Alunos de medicina no laboratório de anatomia da Universidade Federal de Pelotas (UFPel) - Anselmo Cunha/Folhapress

Diferentemente do que ocorre no direito, com possibilidade de exercício profissional para além da advocacia, na medicina um médico reprovado num exame de proficiência não terá qualquer possibilidade de atuação profissional na área. Isso amplia a possibilidade do exercício ilegal da profissão e, portanto, em vez de proteger a sociedade, tende a colocá-la ainda em maior risco.

Apesar da grande expansão de escolas e vagas de medicina, ainda existe carência de médicos nos serviços públicos, fato observado por quem utiliza o Sistema Único de Saúde (SUS) cotidianamente. A situação dos planos de saúde não é distinta. Em muitas cidades brasileiras há longa espera por consultas e superlotação de emergências credenciadas aos planos de saúde. Um exame de proficiência reduzirá a quantidade de médicos disponíveis para atuar no cuidado às pessoas com piora desse quadro, tanto no SUS quanto na rede privada. O risco de colapso do sistema de saúde é real.

Não se trata de optar pelo número de médicos em detrimento da qualidade do cuidado às pessoas. Provas teóricas pontuais não têm capacidade de distinguir entre o bom e o mau profissional.
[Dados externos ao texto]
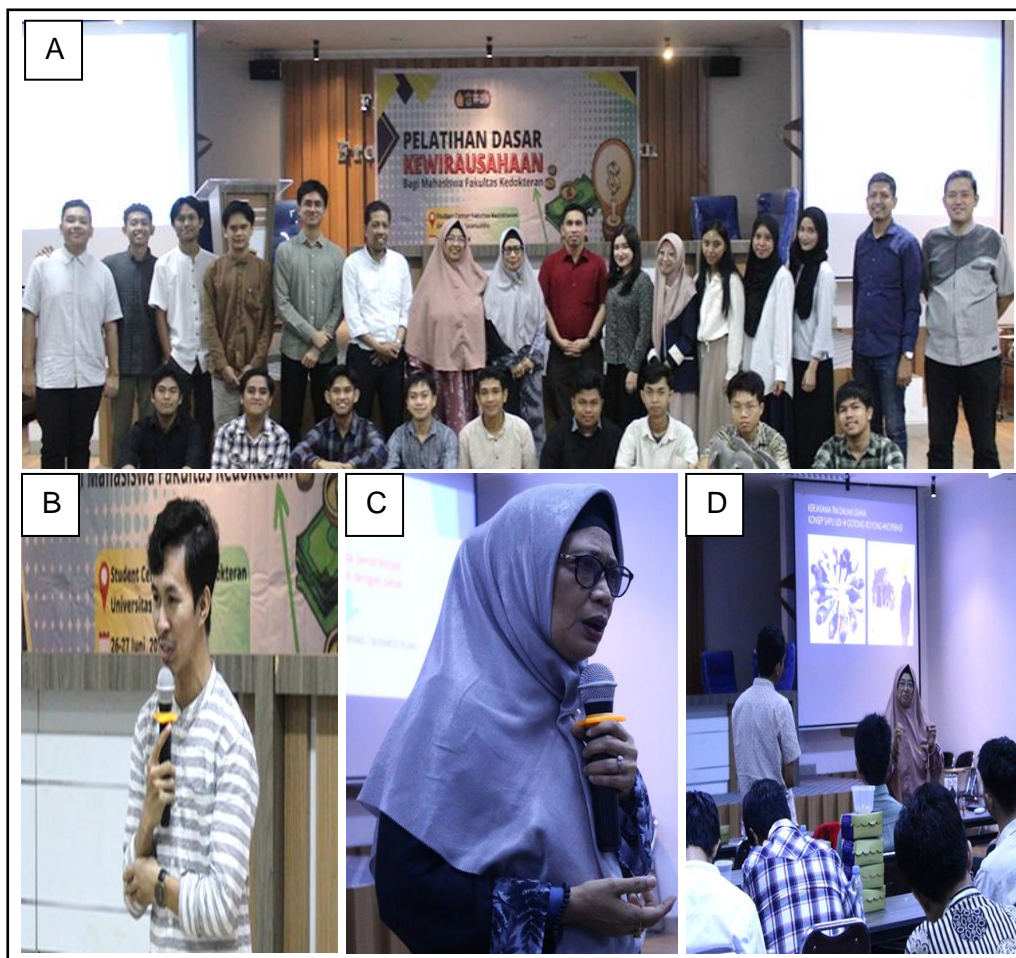
Gambar 1. A) Foto bersama seluruh Peserta pelatihan, B) Pemateri dari Mitra, C) Pemateri dari Unhas, dan D) Peserta asyik mengikuti materi.

Pada Kegiatan ini mahasiswa dan dosen pembimbing sangat antusias mengikuti acara tersebut karena dipandu dengan sangat dinamis dengan metode diskusi dua arah yang terbuka dan aktif tapi santun. Hal ini dapat dilihat dari foto-foto pelaksanaan pelatihan tersebut (Gambar 1).
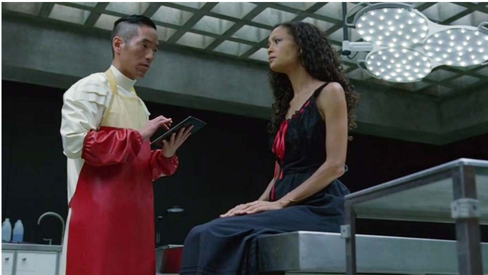
Fig. 25 : Maeve vêtue d'une robe de soie noire (S01E06).
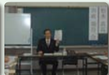
平成24年2月5日 交野会館
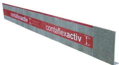
Fogbleck ACF (med fot, 2,25 m/st) Monteras med hjälp av bleck i foten
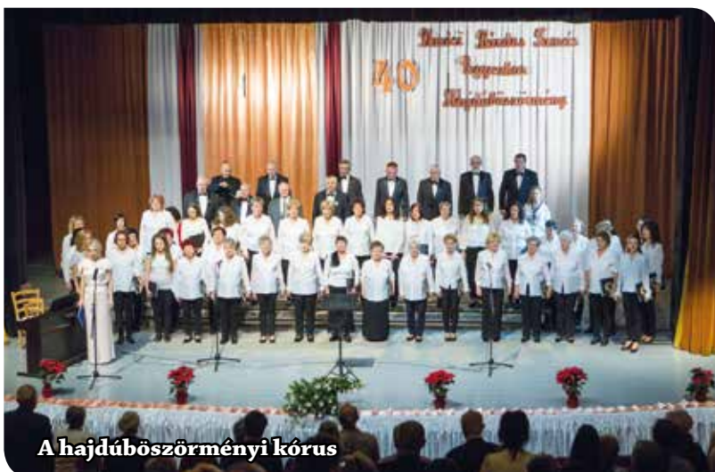
A hajdúböszörményi kórus
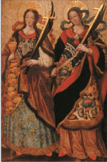
Рис. 14. Великомучениці Варвара і Катерина. 1740-ві рр. Північне Лівобережжя. Дошка липова, левкас, гравіювання, темпера, олія, сріблення, позолота. Колекція Національного музею українського мистецтва.

Окремим іконографічним ізводом Великомучениці синайської колекції є ікона «Епітафія Св. Катерини з житійними клеймами та віншувальними написами» 1805 р. (гобелен, шов, золота та срібна нитки), яка є варіантом «Успіння» означеної патронеси монастиря (Рис. 15). Іконографія Святої в Короні тут перегукуються з іконографією її образу на деці раки (Рис. 16), де зберігаються мощі Катерини Александрійської. Відмінністю її зображення на останньому є сувій у руках, який нагадує Скрижалі завіту, з відсилкою до одкровення через Мойсея.
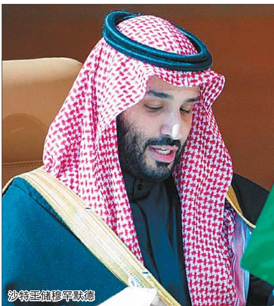
沙特王储穆罕默德

伊朗外交部发言人哈提卜扎德当地时间11日说,伊朗和沙特围绕双边和地区问题在伊拉克首都巴格达举行了四轮会谈,海湾和也门问题是会谈重点。分析人士指出,伊沙关系长期剑拔弩张,虽有改善迹象,消除紧张状态仍需更多努力。还有观点认为,伊沙关系改善进程可能要取决于目前尚待重启的伊核问题维也纳谈判。
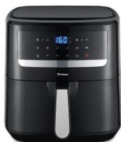
HEISSLUFTFRITTEUSE CRUNCHY FRY
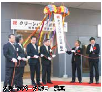
クリーンパーク折居 竣工
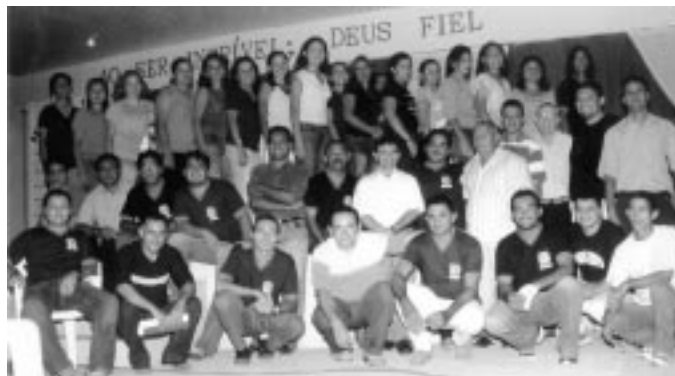
A foto mostra parte do corpo docente e discente do SETEM

Para maiores informações: www.igrejadafe.org.br

Boa parte das questões em provas desse tipo, hoje, podem ser respondidas pela inteligência artificial. Não avaliam empatia, capacidade de comunicação, relacionamento com os pacientes ou outras habilidades práticas para o desempenho profissional —estas sim capazes de inferir a competência do médico para cuidar de pessoas.

Uma das causas para a expansão desenfreada de cursos de medicina é a perspectiva de grandes lucros do setor. Uma prova realizada após emissão do diploma penaliza apenas o recém-formado e amplia a possibilidade de ganhos financeiros com a oferta de cursos preparatórios para "passar na prova", agravando o problema em vez de resolvê-lo.

Esses cursos são caros e inacessíveis aos egressos do curso médico oriundos de famílias de baixo poder aquisitivo, tornando o exercício da medicina ainda mais elitizado e distante dos sonhos de muitos brasileiros.

Para muitos estudantes que se endividam para pagar cursos de medicina e passam vários anos trabalhando para saldar suas dívidas com bancos e financeiras, a não autorização do exercício profissional em consequência do desempenho em uma única prova coloca-os numa situação de inadimplência. Além dos impactos emocionais e do aprofundamento de sua vulnerabilidade social, essa situação pode gerar consequências para o sistema bancário, com redução da oferta de novos financiamentos.

A Abem, que há mais de 60 anos reúne escolas médicas, professores e estudantes na busca pela qualidade da formação médica, defende que a solução para assegurar o adequado cuidado prestado à população é dever do Estado e passa por uma estratégia de avaliação ampla, criteriosa e com consequências para cursos novos e antigos, associada a avaliações do estudante ao longo de toda a graduação, de modo que a emissão de diploma só se efetive após sua aprovação, gerando corresponsabilidade da escola e inibindo a expansão desenfreada de cursos ruins.